During the 1980s, automation took hold, as one by one, lighthouses in Britain and Ireland were turned over to remote monitoring systems. (In the United States, according to the U.S. Coast Guard, only one "semi-manned" lighthouse remains, in Boston.)
Satellites also led to vast improvements, with mariners able to locate their position to within 10 yards up to 50 nautical miles out to sea.
The old era ends at North Foreland Lighthouse, which stands between a golf course, a cabbage patch and a swanky neighborhood near the mouth of the Thames River. On a good day, you can see across the Straits of Dover to the French coast. The first light was placed here in 1499. The current lighthouse tower, flanked by two small houses, was built in 1691.
Cronin is part of the last three-man crew to work at the lighthouse. Even though there is now little to do, they maintain their rotation of two 12-hour days, followed by 24 hours of rest. In recent years, crews worked alternate months.
"Our job was to maintain the light, the fog signal and the beacon, and maintain the navigational aids," Cronin says. "It was interesting."
When they joined up, the requirements were simple.
"The first question you'd get asked, was, 'Can you cook?' " says David Appleby, 53. "You were asked about tying knots, doing some elementary soldering and using Morse code. And there was one other question: 'Do you have your own teeth?' The last place you'd want to have dental problems is nine miles out to sea."
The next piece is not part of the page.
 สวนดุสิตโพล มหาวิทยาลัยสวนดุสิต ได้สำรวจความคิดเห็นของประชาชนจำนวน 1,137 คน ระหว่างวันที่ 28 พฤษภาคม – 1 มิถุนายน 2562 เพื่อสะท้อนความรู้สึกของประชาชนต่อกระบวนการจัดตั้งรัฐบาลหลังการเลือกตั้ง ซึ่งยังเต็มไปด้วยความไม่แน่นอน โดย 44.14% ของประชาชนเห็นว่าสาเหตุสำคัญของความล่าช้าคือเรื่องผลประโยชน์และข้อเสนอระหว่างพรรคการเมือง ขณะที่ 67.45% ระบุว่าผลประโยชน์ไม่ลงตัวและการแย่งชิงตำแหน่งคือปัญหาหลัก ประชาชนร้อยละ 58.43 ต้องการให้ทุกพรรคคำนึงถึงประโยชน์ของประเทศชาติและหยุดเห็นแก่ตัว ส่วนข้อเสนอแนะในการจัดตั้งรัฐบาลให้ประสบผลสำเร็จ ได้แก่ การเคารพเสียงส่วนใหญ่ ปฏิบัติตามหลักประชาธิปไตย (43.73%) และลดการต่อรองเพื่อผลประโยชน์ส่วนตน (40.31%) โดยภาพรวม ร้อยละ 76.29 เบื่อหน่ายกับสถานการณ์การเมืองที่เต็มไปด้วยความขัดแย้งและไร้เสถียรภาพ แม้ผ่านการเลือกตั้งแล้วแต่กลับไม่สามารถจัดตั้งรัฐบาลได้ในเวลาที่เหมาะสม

The crews worked in close quarters. Wives, money, religion and politics were off-limits as conversation starters. The keepers' tasks were straightforward: Keep the light, beacon and fog horn in working order.
'Can't be a loner'
"Lots of people think that this is a job where you can read books or write poetry," says Tristan Sturley, 48. "But the last person you'd want out with you was a loner because you can't be a loner in this job."
On Nov.26, the Duke of Edinburgh, Queen Elizabeth's husband, will preside over a ceremony marking the conversion to automation at the North Foreland Lighthouse.
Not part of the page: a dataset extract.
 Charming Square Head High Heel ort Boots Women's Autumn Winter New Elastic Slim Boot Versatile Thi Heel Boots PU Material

Sturley and Appleby are looking forward to the recognition of the royal ceremony. But they are heartbroken at the loss of jobs they have each held for more than 30 years. Sturley plans to go into house painting. Appleby isn't sure of his future. And Cronin is trying to hook up with a computer firm.
With their departure, another piece of Britain disappears into history.
"This is a Victorian job in a 21st-century world," Sturley says. "If the technology is there, you've got to use it. They could have left the keeper. But it would have been an anachronism."